→ What you should do: Omit every picture and write out the rest of the records exactly.

(Dataset records)
########################################
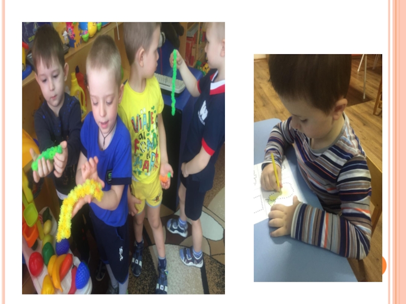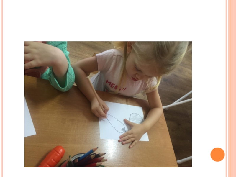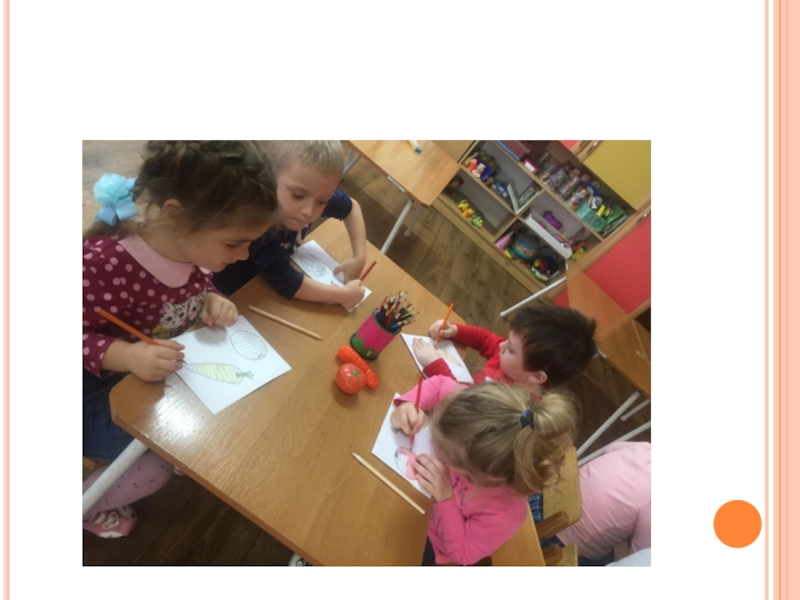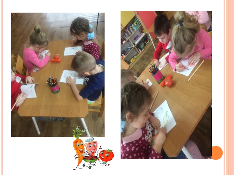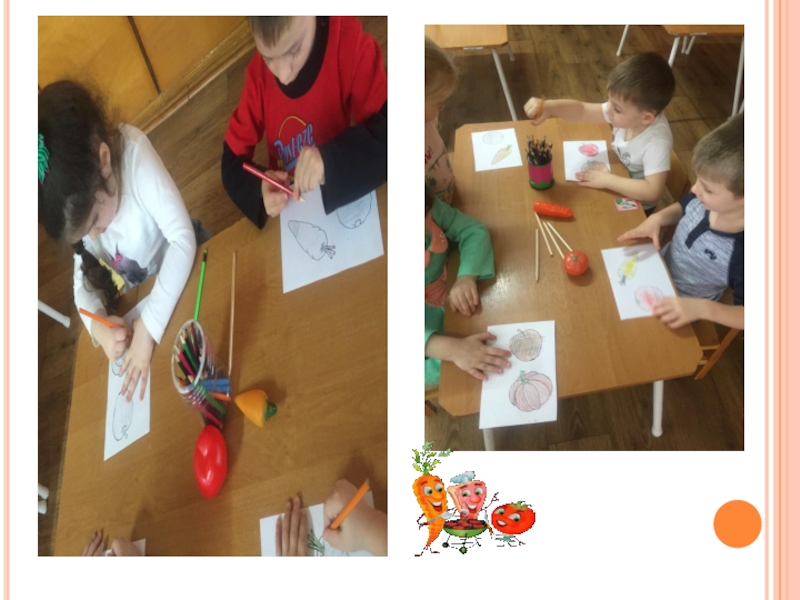 уголке творчества: раскраски, штриховка овощей и фруктов, трафареты
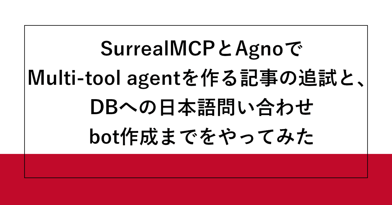 SurrealMCPとAgnoでMulti-tool agentを作る記事の追試と、DBへの日本語問い合わせbot作成までをやってみた | SHIFT Group 技術ブログ 2025.10.11 企業テック 記事のタイトルとURLをコピーする 動機続きをみる 元の記事を確認する Post Share Hatena LINE RSS feedly Pin it note Qualcomm、Armとの訴訟に全面勝利 - ケータイ Watch 前の記事 Microsoftが「給与振込口座がいつの間にか見知らぬ口座にすり替えられる」給与海賊(ペイロールパイレーツ)というサイバー攻撃について警告 次の記事 関連記事 企業テック 【SWTTokyo25レポ】 クエリパフォーマンスチューニングの傾向と対策 | ちゅらデータ株式会社のフィード 2025.09.14 企業テック 一つのことから多く学ぶ技術 – Yappli Tech Blog 2025.09.28 企業テック First time experience at DroidKaigi 2025 | by David Santos | Pairs Engineering | Sep, 2025 2025.09.20 企業テック Portainerはいいぞ!~WebアプリでDocker管理~ | ヘッドウォータースのフィード 2025.10.02
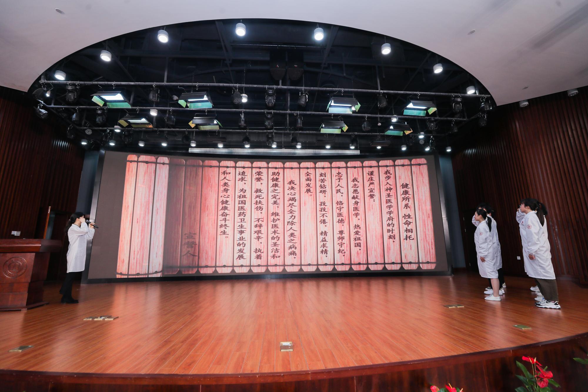活动现场,2022级医学新生在色花堂 附属人民医院临床教师、省教师技能大赛一等奖获得者边佳老师带领下,进行医学誓言宣誓。
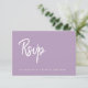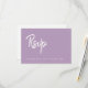 Dessa elegant, minimalistiska bröllop-svarskort har modern skripttypografi och ren, sans serif-text för en enkel och snyggt lavender lätt lila och vit design som du ska kärlek.
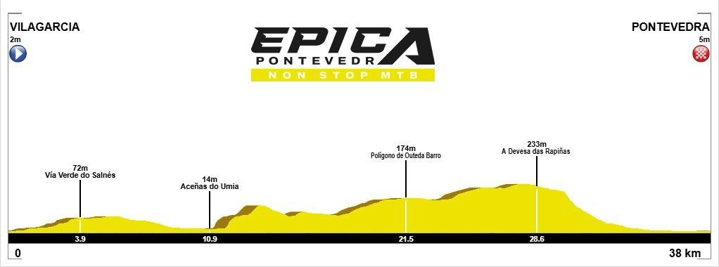 Arrancamos bordeando el mar de Arousa, para cruzar sendas escondidas y cruzaremos el Valle del río Umia entre pistas hacia Lantaño y Portas, para entrar en una zona de enlace que nos acerca a Curro, donde haremos el último ascenso de la prueba y así poder disfrutar de un rápido faldeo del Castrove y una bajada espectacular que antes de entrar a Pontevedra. La tienes. La Épica 100K es tuya.
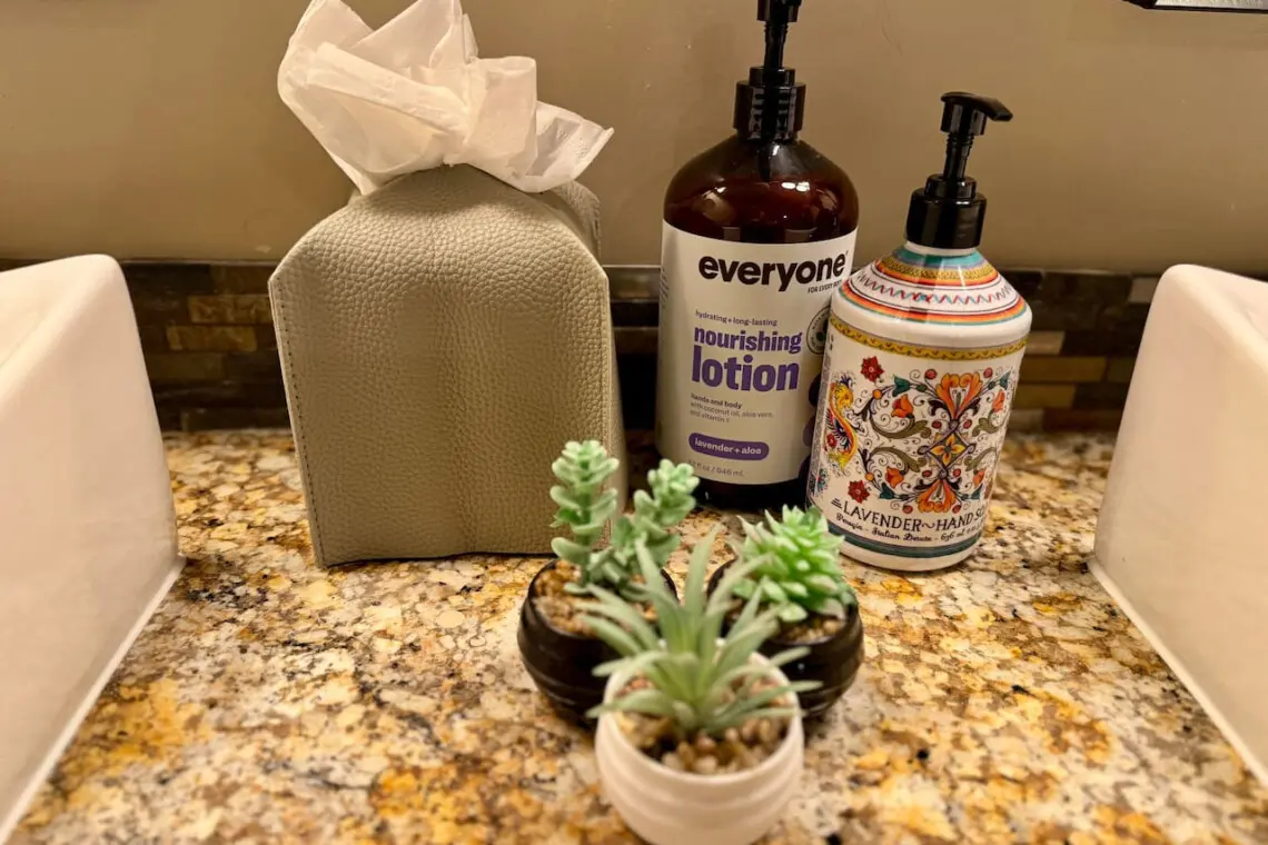 ● Essentials Provided: Linens, towels, shampoo, conditioner, shower gel, hand soap, lotion, TP, paper towels, coffee, tea, salt, pepper, cooking oil, dish soap, new sponge every turnover, laundry detergent, and much more!
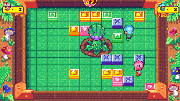 Pushy and Pully in Blockland Push is a cooperative arcade game with a retro feeling.
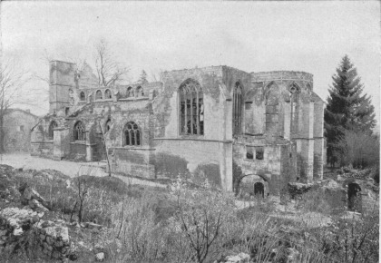 These picturesque spots have often charming names: Bois de la Viergette, Ruisseau des Emerlots, Fontaine la Houyette, Fontaine-aux-Charmes, Fontaine-Madame and Bagatelle. Sometimes the names are quaint: Fille-Morte, Moulin del’Homme Mort, Ferme-la-Mitte, Chêne Tondu and Courte-Chausse. Below the long ridge, which forms, as it were, the backbone of the forest, the Chemin de la Haute-Chevauchée, and, a little further west, the Pavillon St. Hubert evoke memories of bygone hunting-parties. All these names, yesterday but little known, are to-day famous, as for months they recurred almost daily in the Communiqués of the Great War, and each of them brings to mind, not one battle only, but a series of battles, fierce struggles, and hand-to-hand encounters in the dense undergrowth.
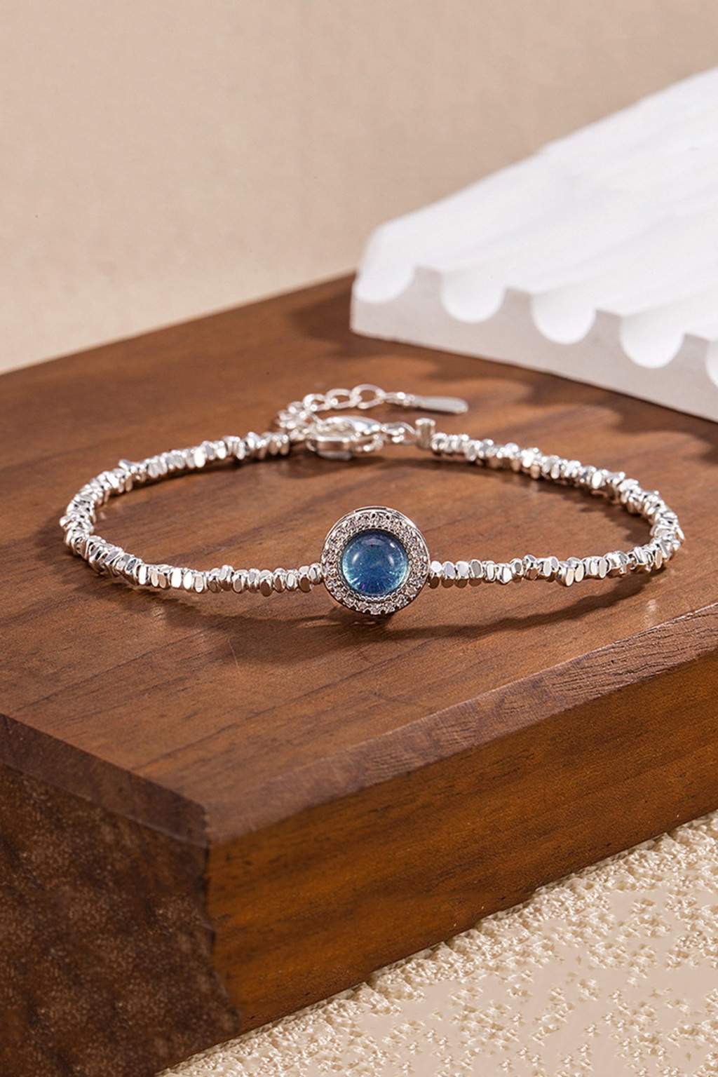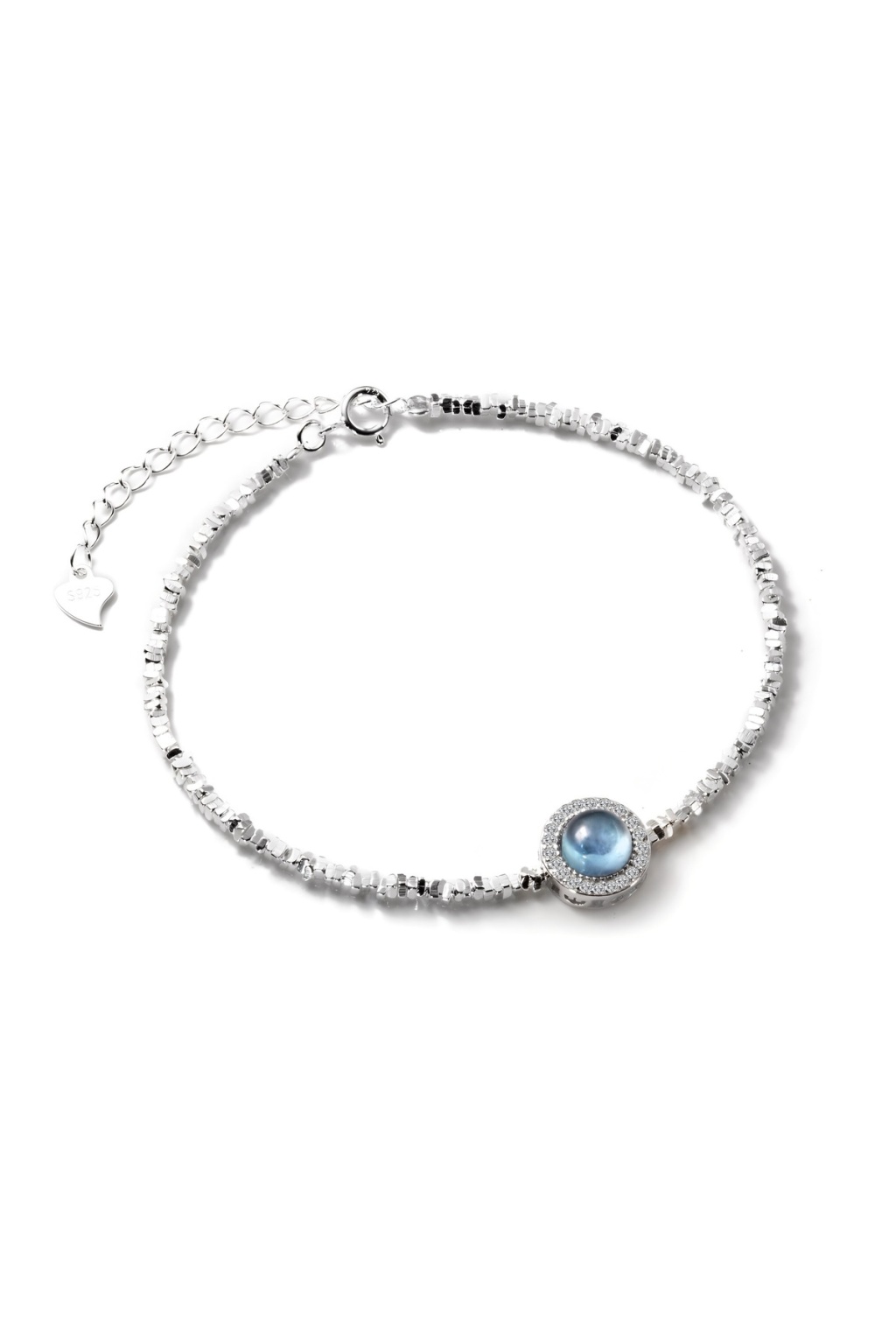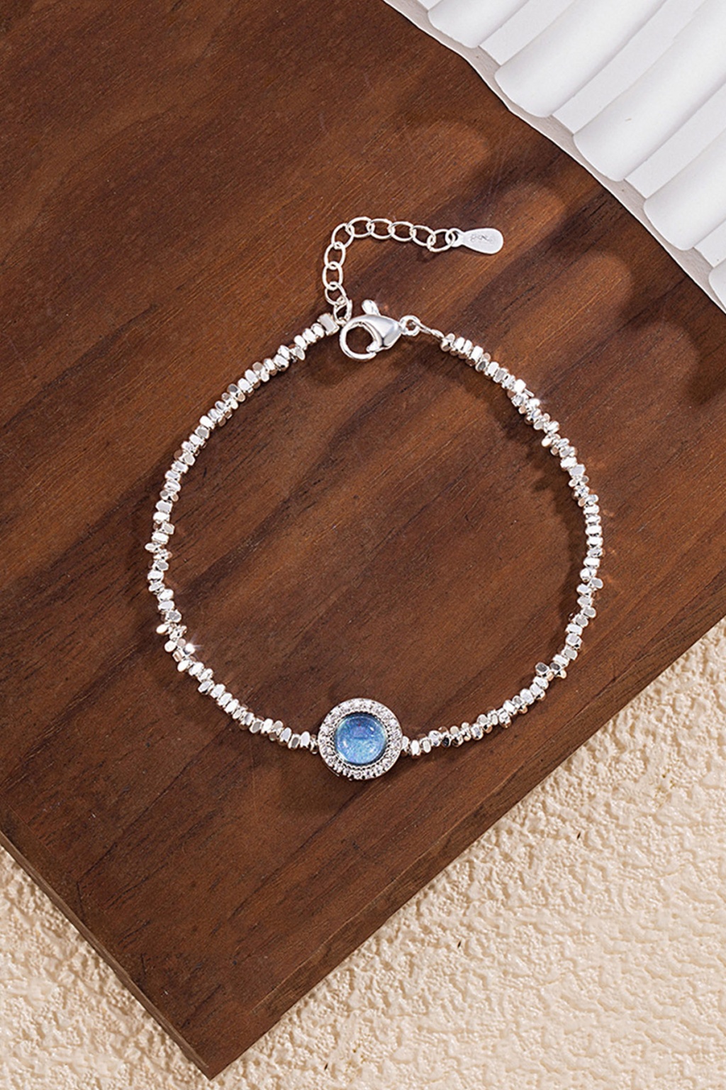 Tamamı 925 ayar gümüşten üretilen bu bileklik, merkezindeki dairesel mavi taş detayı ve onu çevreleyen ışıltılı zirkon taşlarla modern bir şıklık sunar. Dokulu ve hareketli zincir yapısı, bileğinizde estetik bir duruş sergiler.
########################################
→ Solved problem:
 уголке творчества: раскраски, штриховка овощей и фруктов, трафареты
 SurrealMCPとAgnoでMulti-tool agentを作る記事の追試と、DBへの日本語問い合わせbot作成までをやってみた | SHIFT Group 技術ブログ 2025.10.11 企業テック 記事のタイトルとURLをコピーする 動機続きをみる 元の記事を確認する Post Share Hatena LINE RSS feedly Pin it note Qualcomm、Armとの訴訟に全面勝利 - ケータイ Watch 前の記事 Microsoftが「給与振込口座がいつの間にか見知らぬ口座にすり替えられる」給与海賊(ペイロールパイレーツ)というサイバー攻撃について警告 次の記事 関連記事 企業テック 【SWTTokyo25レポ】 クエリパフォーマンスチューニングの傾向と対策 | ちゅらデータ株式会社のフィード 2025.09.14 企業テック 一つのことから多く学ぶ技術 – Yappli Tech Blog 2025.09.28 企業テック First time experience at DroidKaigi 2025 | by David Santos | Pairs Engineering | Sep, 2025 2025.09.20 企業テック Portainerはいいぞ!~WebアプリでDocker管理~ | ヘッドウォータースのフィード 2025.10.02
活动现场,2022级医学新生在色花堂 附属人民医院临床教师、省教师技能大赛一等奖获得者边佳老师带领下,进行医学誓言宣誓。
 Dessa elegant, minimalistiska bröllop-svarskort har modern skripttypografi och ren, sans serif-text för en enkel och snyggt lavender lätt lila och vit design som du ska kärlek.
 Arrancamos bordeando el mar de Arousa, para cruzar sendas escondidas y cruzaremos el Valle del río Umia entre pistas hacia Lantaño y Portas, para entrar en una zona de enlace que nos acerca a Curro, donde haremos el último ascenso de la prueba y así poder disfrutar de un rápido faldeo del Castrove y una bajada espectacular que antes de entrar a Pontevedra. La tienes. La Épica 100K es tuya.
 ● Essentials Provided: Linens, towels, shampoo, conditioner, shower gel, hand soap, lotion, TP, paper towels, coffee, tea, salt, pepper, cooking oil, dish soap, new sponge every turnover, laundry detergent, and much more!
 Pushy and Pully in Blockland Push is a cooperative arcade game with a retro feeling.
 These picturesque spots have often charming names: Bois de la Viergette, Ruisseau des Emerlots, Fontaine la Houyette, Fontaine-aux-Charmes, Fontaine-Madame and Bagatelle. Sometimes the names are quaint: Fille-Morte, Moulin del’Homme Mort, Ferme-la-Mitte, Chêne Tondu and Courte-Chausse. Below the long ridge, which forms, as it were, the backbone of the forest, the Chemin de la Haute-Chevauchée, and, a little further west, the Pavillon St. Hubert evoke memories of bygone hunting-parties. All these names, yesterday but little known, are to-day famous, as for months they recurred almost daily in the Communiqués of the Great War, and each of them brings to mind, not one battle only, but a series of battles, fierce struggles, and hand-to-hand encounters in the dense undergrowth.
 Tamamı 925 ayar gümüşten üretilen bu bileklik, merkezindeki dairesel mavi taş detayı ve onu çevreleyen ışıltılı zirkon taşlarla modern bir şıklık sunar. Dokulu ve hareketli zincir yapısı, bileğinizde estetik bir duruş sergiler.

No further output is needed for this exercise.